* Exercise goal *
When you write out the listing, keep every character and omit the pictures.

* Available data *

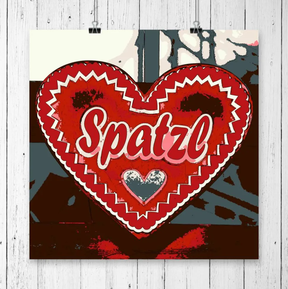 Nicht nur zum Oktoberfest darfst du deinem Schatzi (Lebkuchen)-Herzen schenken. Sag es ihr / ihm doch mal auf eine ganz originelle Art und Weise. Das Pop Art Print „SPATZL“ kommt bestimmt gut an!!
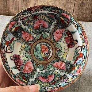 Small soup or rice bowl (about 4.5" across and 2" tall) with matching spoon (about 5.5" end to end) in a very detailed rose medallion pattern. Use for food, of course, but also just a lovely bowl for display. Likely dates to the 1960s or 1970s.
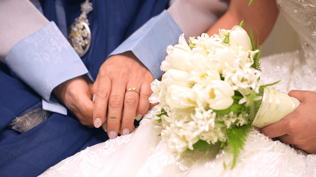 꽃을 든 신부와 어머니가 손을 잡고 있는 모습
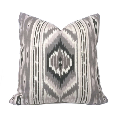 | This pillow cover is made from a Nate Berkus designer ethnic fabric print in gray with light lilac pink accents. Pattern fabric is used on both sides and the pattern will be placed symmetrically in all sizes. Photographed on 19x19 cover (filled with 20x20 insert). The fabric is a screen printed home decor weight cotton. This pillow cover is hand-crafted from genuine Nate Berkus fabric but it is not a licensed Nate Berkus product. Aloriam is not affiliated with or sponsored by Nate Berkus. |
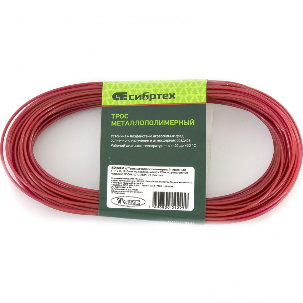 Металлополимерный трос ПР-2.0 Сибртех 47642 красного цвета, толщиной 2,0 мм, в мотке 20 метров, используется для монтажа баннеров и рекламных растяжек, погружения скважинных насосов и датчиков, установки тентов и теплиц, а также в качестве пломбировочного троса. Может выполнять функцию садового шнура для подвязки растений, устройства ограждений, а также применяться в качестве троса для развешивания белья. Благодаря покрытию из пластиката ПВХ-трос устойчив к истиранию, коррозии, УФ-излучению и перепадам температуры, что увеличивает срок его службы.
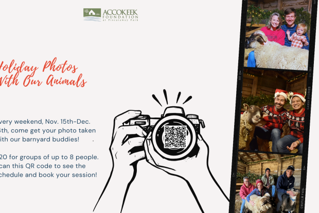 Holiday Photos with the Animals is baa-ck in the barnyard! Join the Accokeek Foundation, weekends from November 15-December 14, and get your picture taken with one of the farm's Hog Island sheep or Spanish goats.
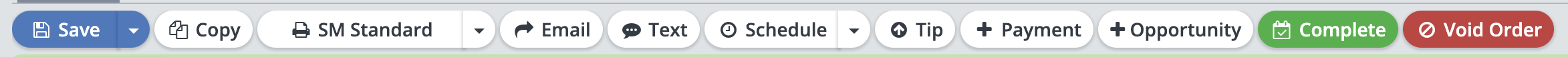 Void Order: Open up a window to either void the order and cancel its pending jobs, or delete the order and all its jobs. If the button appears gray in color, it means that a payment was applied, and you can no longer void/delete the order.

* Result below *
 Nicht nur zum Oktoberfest darfst du deinem Schatzi (Lebkuchen)-Herzen schenken. Sag es ihr / ihm doch mal auf eine ganz originelle Art und Weise. Das Pop Art Print „SPATZL“ kommt bestimmt gut an!!
 Small soup or rice bowl (about 4.5" across and 2" tall) with matching spoon (about 5.5" end to end) in a very detailed rose medallion pattern. Use for food, of course, but also just a lovely bowl for display. Likely dates to the 1960s or 1970s.
 꽃을 든 신부와 어머니가 손을 잡고 있는 모습
 | This pillow cover is made from a Nate Berkus designer ethnic fabric print in gray with light lilac pink accents. Pattern fabric is used on both sides and the pattern will be placed symmetrically in all sizes. Photographed on 19x19 cover (filled with 20x20 insert). The fabric is a screen printed home decor weight cotton. This pillow cover is hand-crafted from genuine Nate Berkus fabric but it is not a licensed Nate Berkus product. Aloriam is not affiliated with or sponsored by Nate Berkus. |
 Металлополимерный трос ПР-2.0 Сибртех 47642 красного цвета, толщиной 2,0 мм, в мотке 20 метров, используется для монтажа баннеров и рекламных растяжек, погружения скважинных насосов и датчиков, установки тентов и теплиц, а также в качестве пломбировочного троса. Может выполнять функцию садового шнура для подвязки растений, устройства ограждений, а также применяться в качестве троса для развешивания белья. Благодаря покрытию из пластиката ПВХ-трос устойчив к истиранию, коррозии, УФ-излучению и перепадам температуры, что увеличивает срок его службы.
 Holiday Photos with the Animals is baa-ck in the barnyard! Join the Accokeek Foundation, weekends from November 15-December 14, and get your picture taken with one of the farm's Hog Island sheep or Spanish goats.
 Void Order: Open up a window to either void the order and cancel its pending jobs, or delete the order and all its jobs. If the button appears gray in color, it means that a payment was applied, and you can no longer void/delete the order.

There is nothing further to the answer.